* TASK OBJECTIVE
What should be copied is the stretch of entries below from the line with "(뉴스인020 = 최정직" up to and including the line with "Compongono il lotto: 1)", exactly and without images.

* RECORDS FOR THIS TASK
-*-
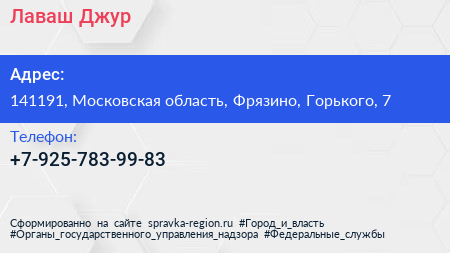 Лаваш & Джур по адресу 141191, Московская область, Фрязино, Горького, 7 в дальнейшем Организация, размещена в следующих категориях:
-*-
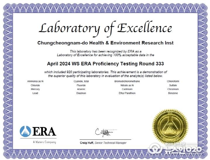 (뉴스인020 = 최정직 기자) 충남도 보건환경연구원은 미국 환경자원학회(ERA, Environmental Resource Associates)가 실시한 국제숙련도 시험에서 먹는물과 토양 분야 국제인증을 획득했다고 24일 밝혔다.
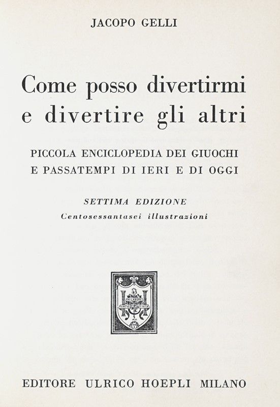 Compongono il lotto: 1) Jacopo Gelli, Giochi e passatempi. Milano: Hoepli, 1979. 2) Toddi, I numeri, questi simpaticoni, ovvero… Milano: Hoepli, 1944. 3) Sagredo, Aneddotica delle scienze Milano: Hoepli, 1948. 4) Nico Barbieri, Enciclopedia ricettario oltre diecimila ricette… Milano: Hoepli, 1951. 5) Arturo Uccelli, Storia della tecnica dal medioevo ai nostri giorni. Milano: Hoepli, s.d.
-*-
* YOUR RESPONSE
 (뉴스인020 = 최정직 기자) 충남도 보건환경연구원은 미국 환경자원학회(ERA, Environmental Resource Associates)가 실시한 국제숙련도 시험에서 먹는물과 토양 분야 국제인증을 획득했다고 24일 밝혔다.
 Compongono il lotto: 1) Jacopo Gelli, Giochi e passatempi. Milano: Hoepli, 1979. 2) Toddi, I numeri, questi simpaticoni, ovvero… Milano: Hoepli, 1944. 3) Sagredo, Aneddotica delle scienze Milano: Hoepli, 1948. 4) Nico Barbieri, Enciclopedia ricettario oltre diecimila ricette… Milano: Hoepli, 1951. 5) Arturo Uccelli, Storia della tecnica dal medioevo ai nostri giorni. Milano: Hoepli, s.d.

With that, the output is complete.